Kurdistan Regional Government (KRG) President Masoud Barzani said on Thursday there was no turning back on a bid to achieve an independent Kurdish state, expecting a "yes vote" on September 25 independence referendum.
Iraq's Kurdish leader Barzani said in an interview that the timetable for independence after a September 25 vote on the issue was "flexible but not open-ended".
The result could turn into a regional flashpoint, with Turkey, Iran, and Syria, along with Iraq the states with sizeable Kurdish populations as all resolutely opposed to an independent Kurdish state in northern Iraq.
But Barzani said negotiations with Baghdad, neighbours and international powers would start immediately after the vote in order to reach an amicable agreement.
"Our main goal is to implement and achieve the decision of our people through peace and dialogue," he said.
Barzani also played down speculation that the referendum would spark violence, saying "the legitimacy of the people is bigger than the legitimacy of any of the political parties or any of the external interventions".
"I don't think anybody can stand against the big wave of the people of Kurdistan when they decide their destiny. Maybe there will be some attempts to foil (it)... We will try our best not to allow that to happen."
He said he was ready to allay the security concerns of Iraq, Turkey, and Iran, saying that postponing independence would actually lead to greater instability.
"We have proved that we are factors of stability," he said.
"So what we do through a referendum is prevent that upcoming instability. We want to cut any possibility of bloodshed in the future."
Fate of Kirkuk
Within Iraq's borders, there is growing concern the real purpose of the referendum is not secession, but to strengthen Kurdish claims over hotly disputed territory adjoining recognised KRG boundaries, such as the oil-rich region and city of Kirkuk.
The vote would decide the fate of Kirkuk, which Kurdish Peshmerga forces prevented Daesh from capturing in 2014, Barzani said at his palace in the hillside village of Salahaddin.
"Whatever the people of Kirkuk decide within the referendum, that decision should be respected," he said.
The Peshmerga effectively runs Kirkuk, also claimed by Turkmen and Arabs.

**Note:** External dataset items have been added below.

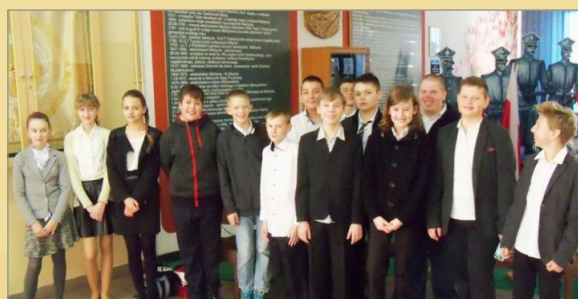
Z życia szkoły w Mielźnie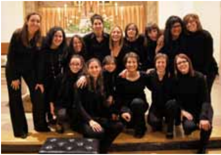
■ Les integrants del Cor Eurídice.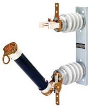
EKO-3D Open Position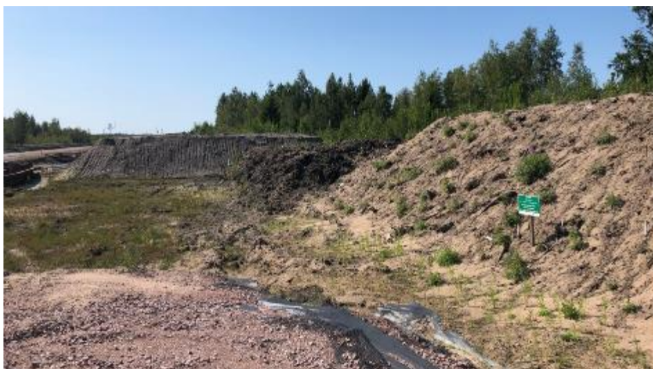
Рис. 7. Площадка хранения верхнего плодородного слоя почвы (июль 2019 г.)

Поскольку на протяжении 3.7 км линейного участка представлена мозаика почв и экосистем – от лесистой песчаной дюны до заболоченных территорий – система хранения грунта предполагает точное обозначение типа почвы и участков траншеи , с которых тот или иной слой почвы был извлечен.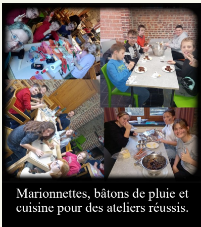
Marionnettes, bâtons de pluie et cuisine pour des ateliers réussis.

Le matin les deux groupes ont préparé les pizzas pour le dîner. Pizzas jambon/fromage, pizzas jambon/fromage/champignons, pizzas jambon/fromage/ananas.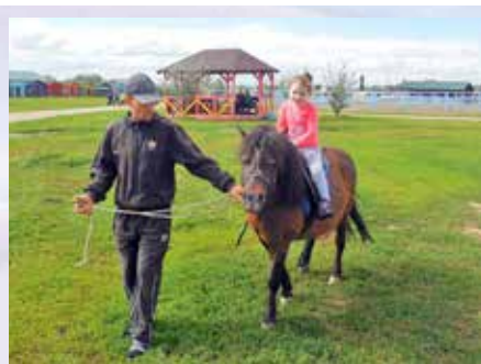
Подготовила Галина Дрозденко

есть отличная игровая комната и детская площадка. Чистый бассейн. Понравилась живописная природа, воздух и богатый животный мир Алтая. Много туристических маршрутов и экскурсий. У нас остались самые благоприятные впечатления от отдыха, и мы с семьей собираемся еще не раз там побывать.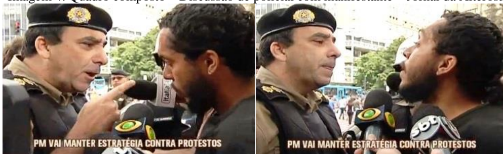
Imagem 4: Quadro composto – Discussão de policial com manifestante – Jornal da Alterosa

Com o dedo em riste e uma expressão séria, o policial diz: “Você não se envergonha? Eu fico envergonhado por você”. O manifestante esbraveja prontamente olhando fixamente nos olhos do policial: “Você que tá trabalhando pra gringo, você que tem que se envergonhar, tá sendo pago pra gringo pra reprimir a população dessa cidade. É isso. E a FIFA vai embora daqui a um mês e você vai ficar onde?”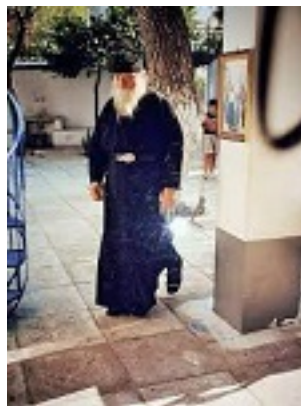
Όσιος Ευμένιος ο νέος ο Θεοφόρος (Σαριδάκης)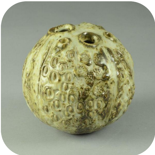
Hulvase fra Jørgen Mogensen (signeret JM)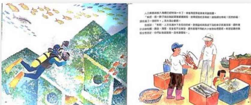
圖 3 橫式紙張創作示意圖 (1 組 = 兩頁)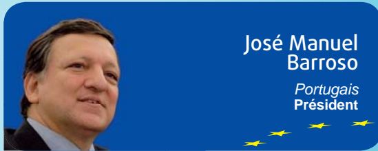
José Manuel Barroso Portugais Président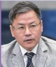
남, 지체장애, 디자인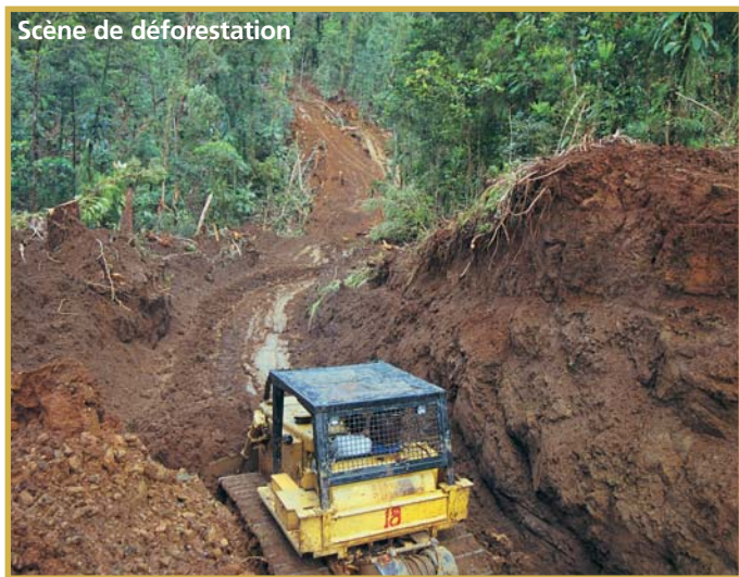
Scène de déforestation

Iran-backed Iraqi Shia militias have threatened to expel the Kurds by force from this region and three other disputed areas - Sinjar, Makhmour and Khanaqin.
Inside the KRG, parties such as the Patriotic Union of Kurdistan (PUK) of Jalal Talabani or the dissident Gorran group, all favour independence but not necessarily under the leadership of Barzani and his KDP.

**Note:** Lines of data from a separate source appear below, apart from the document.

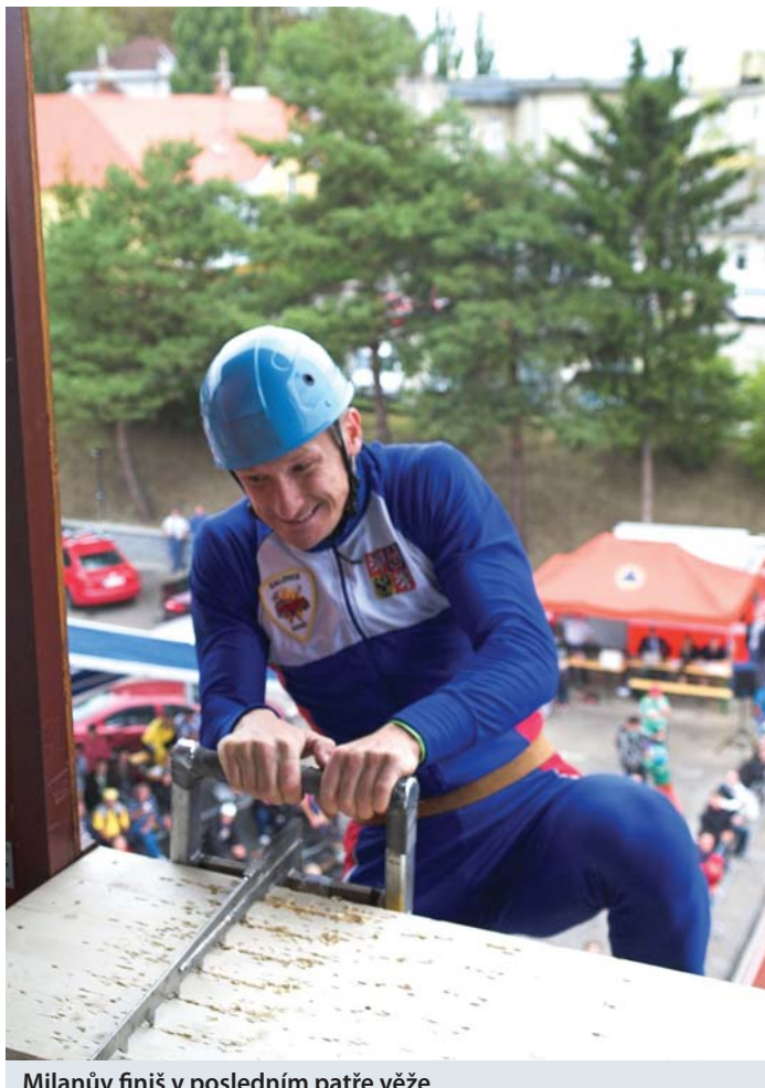
Milanův finiš v posledním patře věže

Před nedávnem se v Uherském Hradišti uskutečnilo Mistrovství České republiky v požárním sportu. Karlovarský kraj reprezentovalo v kategorii mužů družstvo SDH z Otročina a výběr Hasičského záchranného sboru Karlovarského kraje. Mezi ženami pak družstvo z Jáchymova.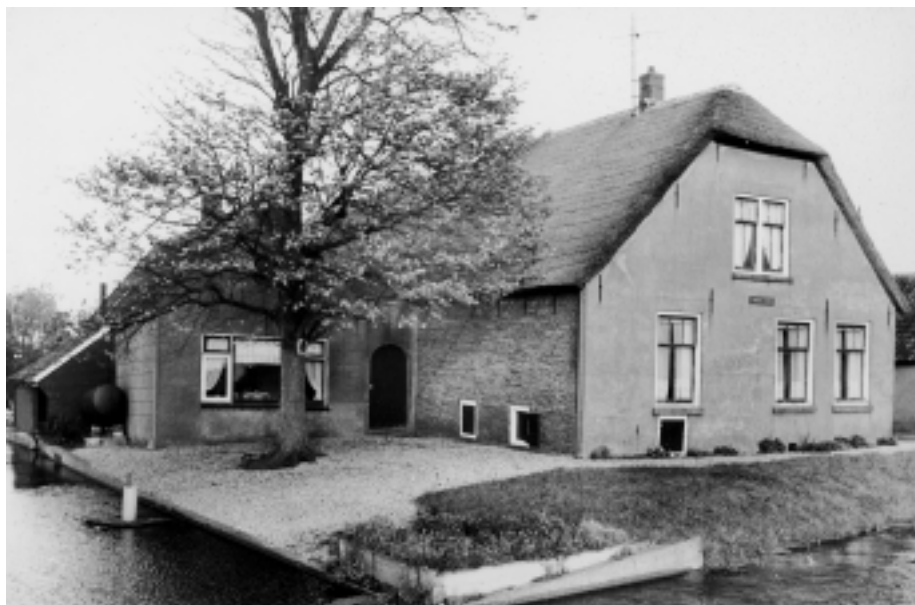
Afb. 12: 'Cornelis-Hoeve', Ridderbuurt nr. 83.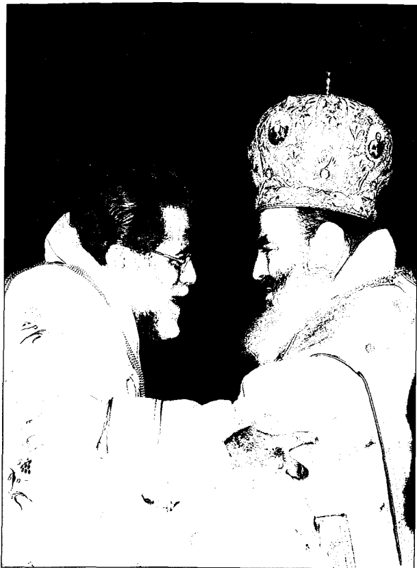
Άδελφικός έν Χριστώ άσπασμός τών δύο Προκαθημένων κατά τό Σύλλείτουργο στόν Ί. Ναό Εδωγγελισμού Άλεξανδρείας.

Μέ τίς σκέψεις αυτές σάς καλωσορίζω καθώς και τήν άκολουθία σας ενόχμενος κάθε έπιτυχία».

Barzani accused the Shia-led Iraqi government, backed by Iran, of not sticking to a constitutional agreement allowing the Kurds to have greater powers under a federal state set up after the US-led invasion that toppled Saddam Hussein in 2003.

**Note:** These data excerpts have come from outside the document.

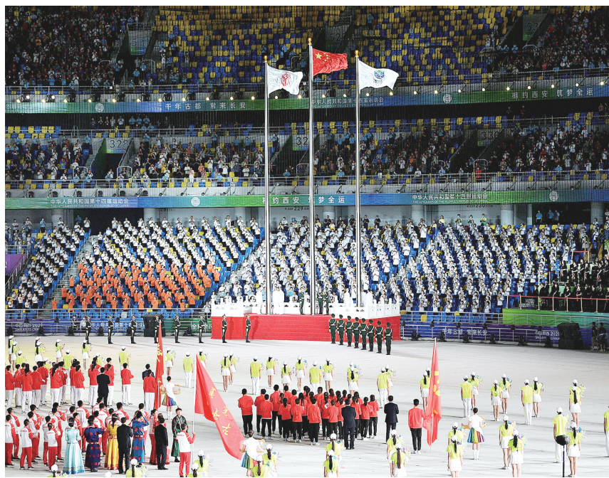
中华人民共和国国旗、中华人民共和国运动会会旗、第十四届全国运动会会旗在开幕式现场飘扬。

入场仪式完毕，全场起立，高唱中华人民共和国国歌。在雄壮的国歌声中，五星红旗冉冉升起，迎风飘扬。陕西省、国家体育总局负责同志分别致辞。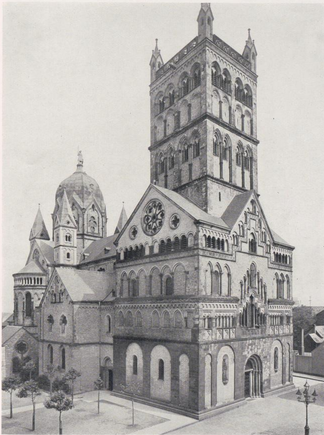
St. Quirin zu Neuß.

Neubau begonnen 1209 von Meister Walbero. Die barocke Chorturmkupele nach dem Brande von 1741.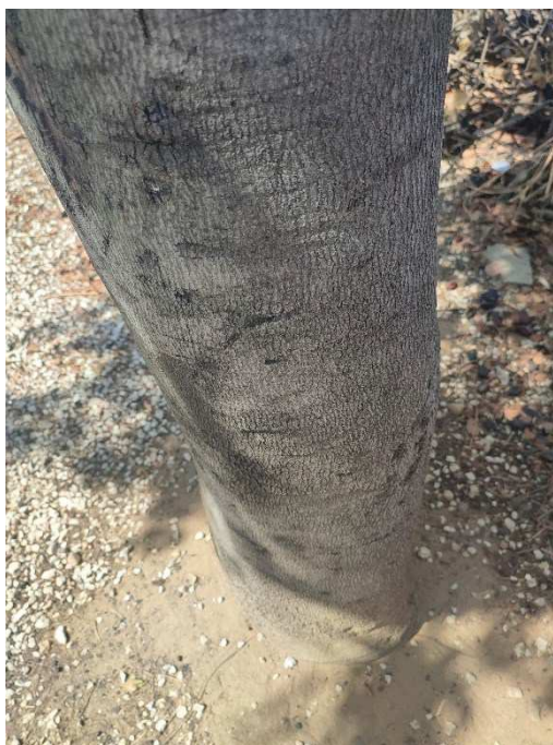
Imágenes del ejemplar con id 51

"For 14 years we have been waiting and we have been discussing this partnership but we have always been told it's not a good time and it's not acceptable timing so my question is, when is the right time?"
He said the Kurds were ready to take responsibility for the outcome of the referendum.
"We have to rectify the history of mistreatment of our people and those who are saying that independence is not good, our question to them is, if it's not good for us, why is it good for you?"
The Kurds have been seeking an independent state since at least the end of World War One when colonial powers divided up the Middle East.
After the fall of Daesh in Mosul
An additional element of regional volatility is Turkey's determination to stop further advances across northern Syria by the YPG, which it says is allied to the local but prolific terror outfit PKK.
Ankara and the KDP are united in trying to stop the YPG from consolidating self-rule in Syria. But Turkey regards Barzani's independence bid as pulling in the opposite direction.
He said his "Kurdish state" would give full assurances to ethnic minorities including Christians, Yazidis, and Shabaks, indicating his Peshmerga forces had already lost hundreds of fighters to retake their areas from Daesh.
As the battle to recapture the Iraqi city of Mosul draws to a close, Barzani said victory is incomplete without a political reconciliation plan.
He accused the Iraqi government of failing to prepare a post-battle political, security and governance plan.
"I warned [that] if you are not going to have this political plan, the situation will reverse."
Barzani said a high-level committee formed by the Kurdish region, the Baghdad government and a US-led military coalition to help Mosul leaders rebuild the city had never convened.
"I have big concerns about the situation in Mosul and about post-liberation because the end of Daesh in Mosul doesn't mean the end of Daesh. Those factors, the environment that brought it into Mosul have not (changed).
"I have a big concern about the future of the area. I hope I will be wrong."